In this code both dimensional reduction and clustering are used as unsupervised learning techniques to analyze a dataset containing information about sales and profits of various products in a supermarket. The dataset we are using in this task is same as task_1

#"
#" WHY DIMENSIONAL REDUCTION?

Dimensionality reduction techniques are commonly used in machine learning to reduce the number of features in a dataset. some of the reason are,Improved performance: High-dimensional datasets can be computationally expensive to work with, both in terms of memory requirements and computation time. Dimensionality reduction can reduce the computational cost and make it easier to analyze the data. Overfitting: Dimensionality reduction can help to reduce the risk of overfitting by removing irrelevant features.

library(dplyr)

## Warning: package 'dplyr' was built under R version 4.2.2

## 
## Attaching package: 'dplyr'

## The following objects are masked from 'package:stats':
## 
##     filter, lag

## The following objects are masked from 'package:base':
## 
##     intersect, setdiff, setequal, union

library(FactoMineR)

## Warning: package 'FactoMineR' was built under R version 4.2.2

library(cluster)

## Warning: package 'cluster' was built under R version 4.2.2

library(fastDummies)

## Warning: package 'fastDummies' was built under R version 4.2.2

importing the necessary libraries for the analysis. dplyr is used for data manipulation, FactoMineR is used for PCA, fastDummies is used for encoding categorical variables, and cluster is used for k-means clustering.

# Load the data
grocery_data <- read.csv("C:\\Users\\mugil\\Desktop\\unsupervised  learning\\SampleSuperstore.csv")

Load the data from the CSV file “SampleSuperstore.csv” into a data frame called grocery_data.

# Select the relevant columns for analysis
cols <- c("Ship.Mode", "Segment", "Region", "Category", "Sub.Category", "Sales", "Quantity", "Discount", "Profit")
grocery_data_subset <- select(grocery_data, cols)

## Warning: Using an external vector in selections was deprecated in tidyselect 1.1.0.
## ℹ Please use `all_of()` or `any_of()` instead.
##   # Was:
##   data %>% select(cols)
## 
##   # Now:
##   data %>% select(all_of(cols))
## 
## See <https://tidyselect.r-lib.org/reference/faq-external-vector.html>.

This line creates a vector called cols containing the names of the columns to be selected. Then it selects only those columns from the grocery_data data frame and creates a new data frame called grocery_data_subset.

# Encode categorical variables as dummy variables
grocery_data_subset_encoded <- dummy_cols(grocery_data_subset, select_columns = c("Ship.Mode", "Segment", "Region", "Category", "Sub.Category"))

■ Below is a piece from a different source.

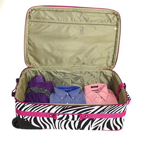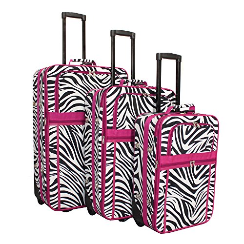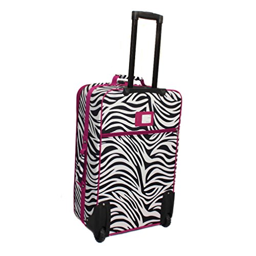Product Description Have a safe travel with this all new bright safari zebra suitcases. This can carry loads of your items safely to your destination since it's durable. A great item to buy. Set Includes: 3 Suitcases, 20-inch carry-on: 20 inches high x 13 inches wide x 8 inches deep, 24-inch upright: 24 inches high x 16 inches wide x 10 inches deep, 28-inch upright: 28 inches high x 18 inches wide x 12 inches deep. Features: Expandable, Locking, Multi-Compartment, Rolling, Fashion, Lightweight, Softside and Durable | Materials: Polyester 0

#’The categorical variables in the data are encoded as dummy variables using the dummy_cols() function from the fastDummies library. The columns to encode are specified in the select_columns argument.

# Scale the numeric variables
grocery_data_subset_scaled <- scale(grocery_data_subset_encoded[,6:ncol(grocery_data_subset_encoded)])

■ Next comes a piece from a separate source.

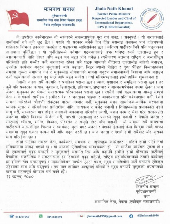 ‘हाम्रो देशको रणनीतिक महत्वका कारणले भूराजनीतिक शक्तिहरूको चासो दिन प्रतिदिन बढिरहेको छ । यद्यपि यो सरकार बनेकै दिनदेखि यसलाई असफल पार्न दक्षिणपन्थी शक्तिहरू विभिन्न प्रकारका चलखेल र षड्यन्त्रमा लागिसकेका छन्’ खनालले भनेका छन् ।

The numeric variables in the data are scaled using the scale() function. Only columns 6 to the end of the encoded data are selected for scaling.

# Perform PCA
pca_result <- PCA(grocery_data_subset_scaled, graph = FALSE)

PCA is performed on the scaled data using the PCA() function from the FactoMineR library. The graph argument is set to FALSE to prevent the function from plotting the result.

# Extract the loadings and contributions of the variables to each component
loadings <- pca_result$var$coord[, 1:2]
contributions <- pca_result$var$contrib[, 1:2]

The loadings and contributions of each variable to each principal component are extracted from the PCA result. Only the first two principal components are selected.

# Plot the loadings and contributions
plot(loadings, type = "n", xlab = "PC1", ylab = "PC2")
text(loadings, labels = colnames(grocery_data_subset_encoded)[6:ncol(grocery_data_subset_encoded)], cex = 0.8)

plot(contributions, type = "n", xlab = "PC1", ylab = "PC2")
text(contributions, labels = colnames(grocery_data_subset_encoded)[6:ncol(grocery_data_subset_encoded)], cex = 0.8)

The loadings and contributions are plotted on separate graphs using the plot() function. The text() function is used to add labels to the plot.

# Extract the scores for each observation
scores <- as.data.frame(pca_result$ind$coord[, 1:2])

The scores for each observation (row) in the PCA result are extracted. Only the first two principal components are selected

scores$Category <- grocery_data_subset$Category

This line adds a new column to the scores data frame, which corresponds to the category of each observation in the original data set. The grocery_data_subset$Category variable is used to populate this new column.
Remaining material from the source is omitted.